A. The following table indicates the levels of radiation that are harmful to the human body. This demonstrates that the current level of radiation in Oita is nothing to worry about. In fact, the annual naturally occurring radiation level in Oita is 429 µSv which is less than a single abdominal X-ray (600 µSv).

Cause of radiation and/or symptoms Level of exposure (µSv)
Light radiation poisoning (mild to moderate nausea, fatigue, 10% risk of death after 30 days) 1,000,000-2,000.000 µSv
Mild radiation sickness (headache, risk of infection) 500,000-1,000.000 µSv
Lowest dose for any statistical risk of cancer 50,000 µSv
Criteria for designating the evacuation zone at the FDPP (annual level) 20,000µSv
Full body CT scan 10,000 µSv
Typical background radiation from natural sources in North America 3,000 µSv
Abdominal X-ray 600 µSv
Annual radiation level at Oita 429 µSv
One round trip flight between Tokyo and New York 200 µSv

Source: World Nuclear Association, National Post (Canada), Nikkei (May 11, 2011)
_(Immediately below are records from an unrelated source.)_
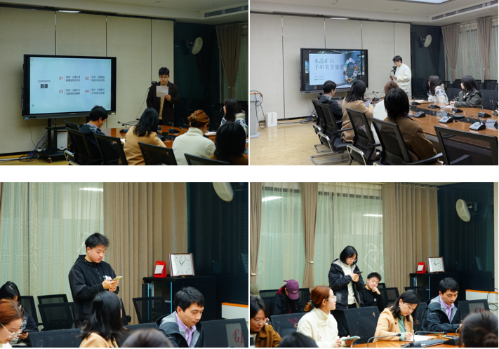 活动伊始,支部副书记刘耀淳介绍活动背景及目标,并带领全体党员庄严重温入党誓词,在铿锵誓言中坚定理想信念、强化使命担当。专题理论学习环节,支部党员吕佳玥、刘艺婷同志领学2025年全国两会精神及“十五五”规划建议相关内容,引导党员深入理解国家战略对珠宝行业发展的指导意义。党员代表围绕科技创新、文化传承与高质量发展等议题展开交流,积极探讨将国家战略需求融入专业学习与个人成长的实践路径。
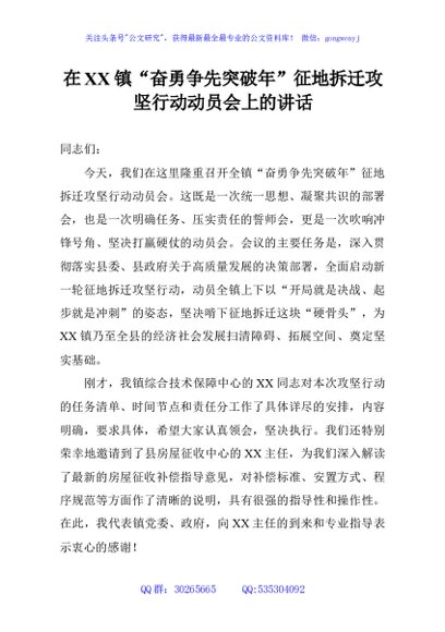 / 在XX镇“奋勇争先突破年”征地拆迁攻坚行动动员会上的讲话
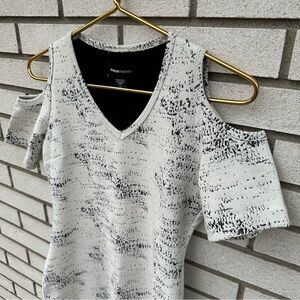 Fifteen Twenty Jacquard Knit Short Sleeve Cold Shoulder Fitted Dress
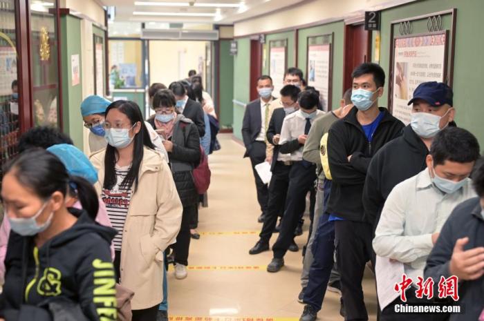 資料圖:接種區(qū)外,市民排隊(duì)等待接種疫苗。 俞靖 攝
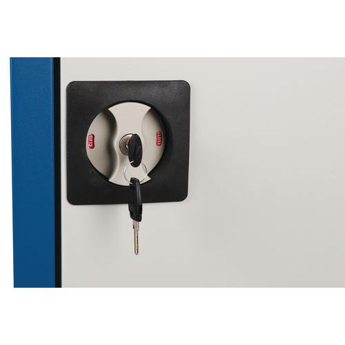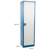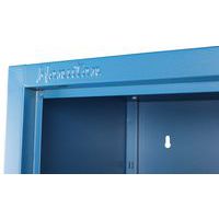 Hegesztett acéllemez szekrények akár 180°-os ajtónyitással, elsősorban műhelyekbe és raktárakba.
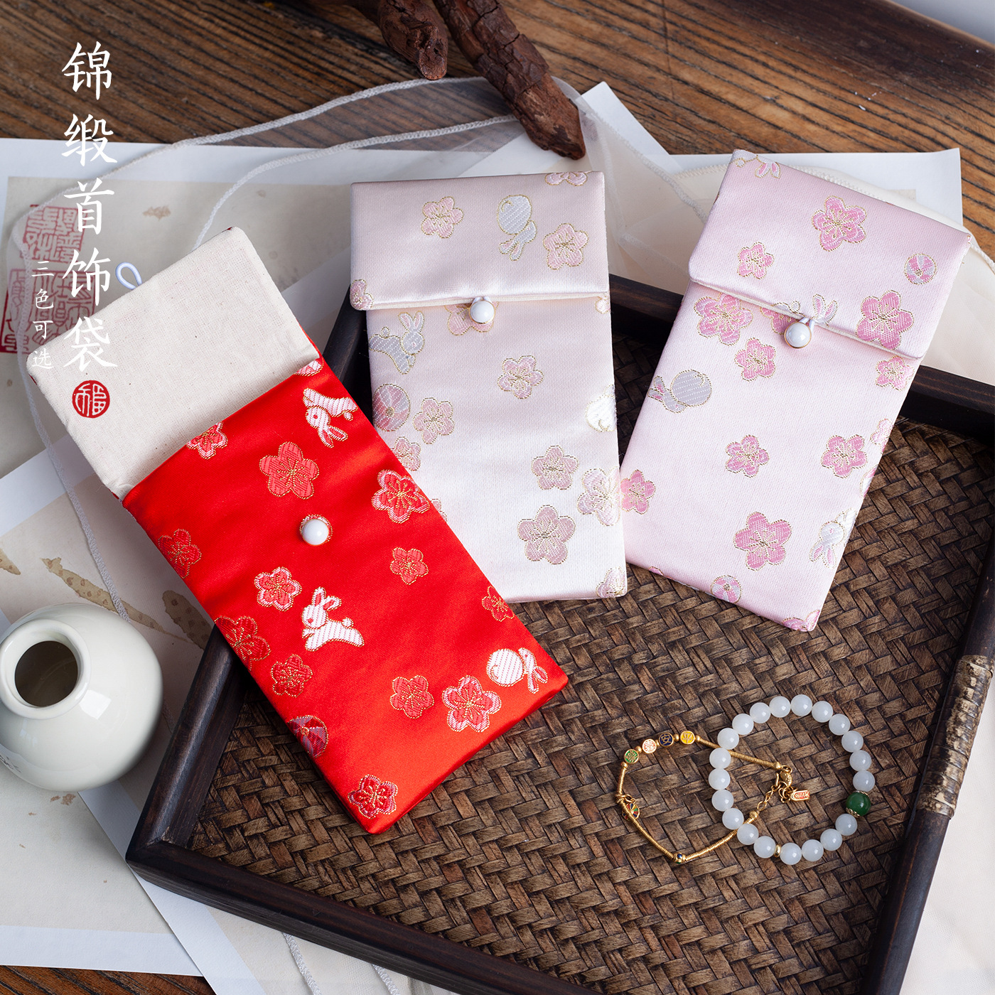 Jewelry Jewelry Cloth Bag Chinese Jewelry Bag Wen Play Handstring Brocade Embroidered Button Bag Bracelet Bag Handstring Bag Beam Mouth
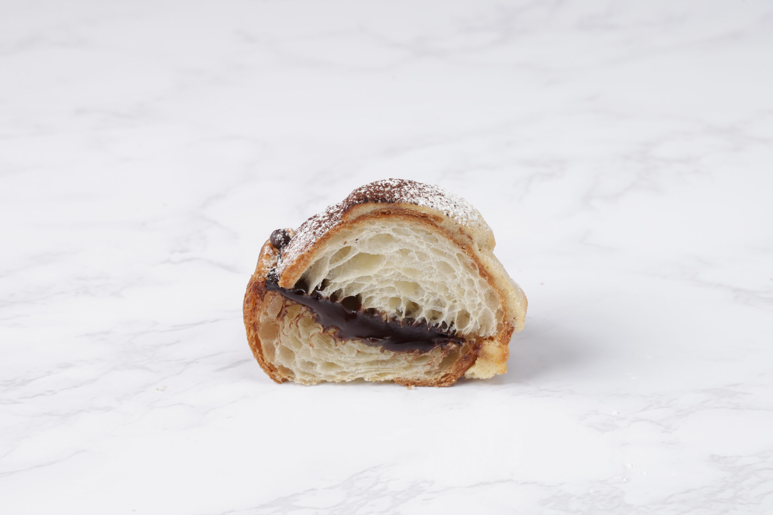 発酵バタークロワッサンにアーモンドクリームを絞って焼き上げ、チョコクリームをサンドしました。
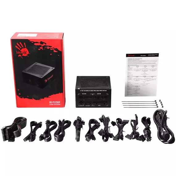 Блок питания Bloody BD-PS1250P ATX 1250W 80+ platinum (20+4pin) APFC 140mm fan 12xSATA Cab Manag RTL [BD-PS1250P-M]
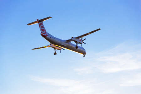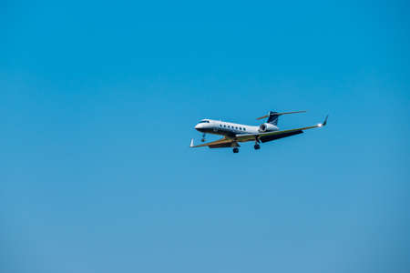Victoria, Vancouver Island, British Columbia, Canada - August 25, 2021: Commercial Airliner airplane landing at the Airport during a sunny summer day.
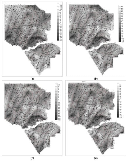 Figure 3 shows the residual analysis of mining areas first–fourth. In the residual plot, red lines are used to mark the isoline with a residual value of zero. By comparison, it is consistent with the contour of the coal seam floor. The residual map shows the overall structural characteristics of the mining area. The secondary fold developed on the SW inclined monoclinic structure is the main structural form. However, by distinguishing the positive and negative values, the latter more clearly depicts the development of anticlines and synclines, and is more clear for analyzing the development scale and influencing range of folds.
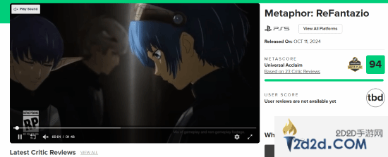 今日,《暗喻幻想:ReFantazio》媒体评分解禁。截至发稿前,M站均分94分。
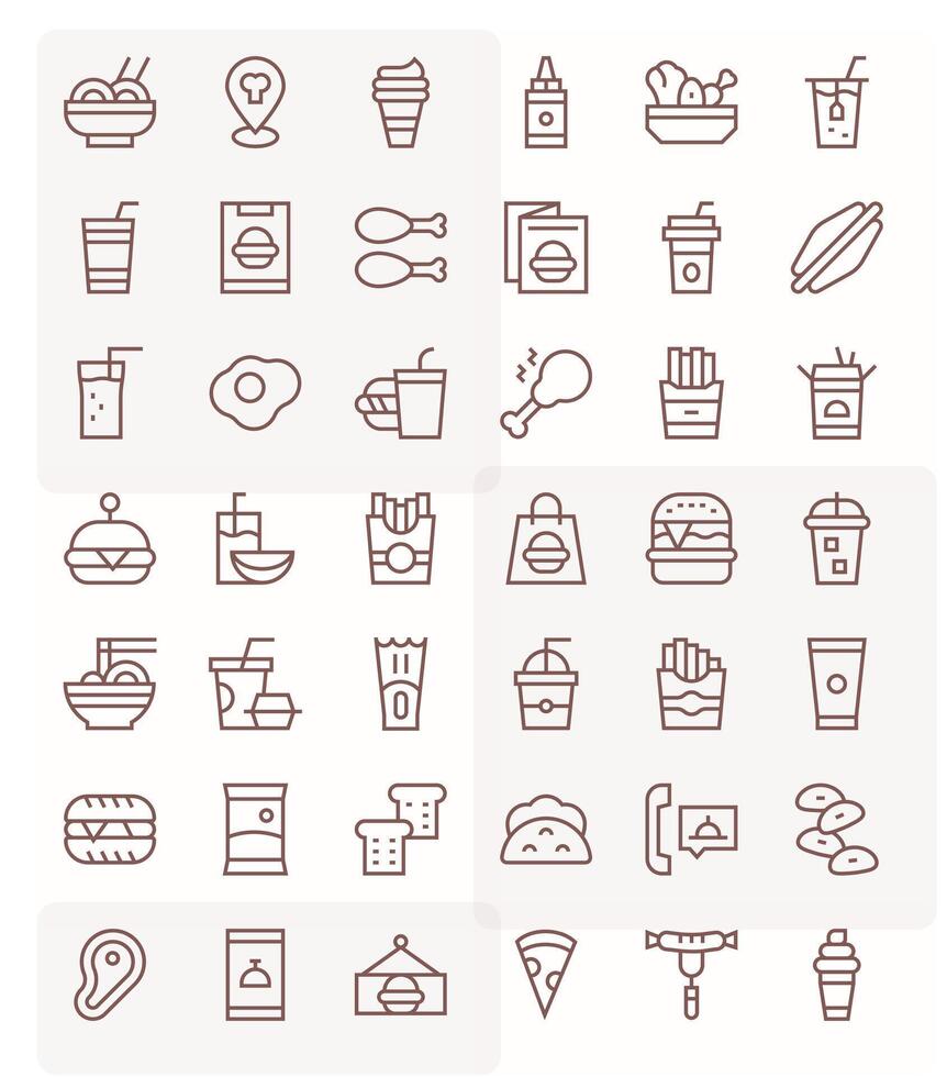 42 Pixel Optimized Icons themed around Fast Food in 256x256 Regular Line format vector

We hope that this information has helped you to understand that the level of radiation at Oita Prefecture is nothing to worry about. Located in the middle of Oita Prefecture, about 1,000 km (625 miles) away from the FDPP, APU is completely safe and remains unaffected by the recent nuclear crisis. In addition, the University is situated on top of a hill some 300 meters high above sea level making it totally safe from the threat of tsunamis. We hope that the above Q&A has provided you with helpful and informative data that will help to put your mind at ease.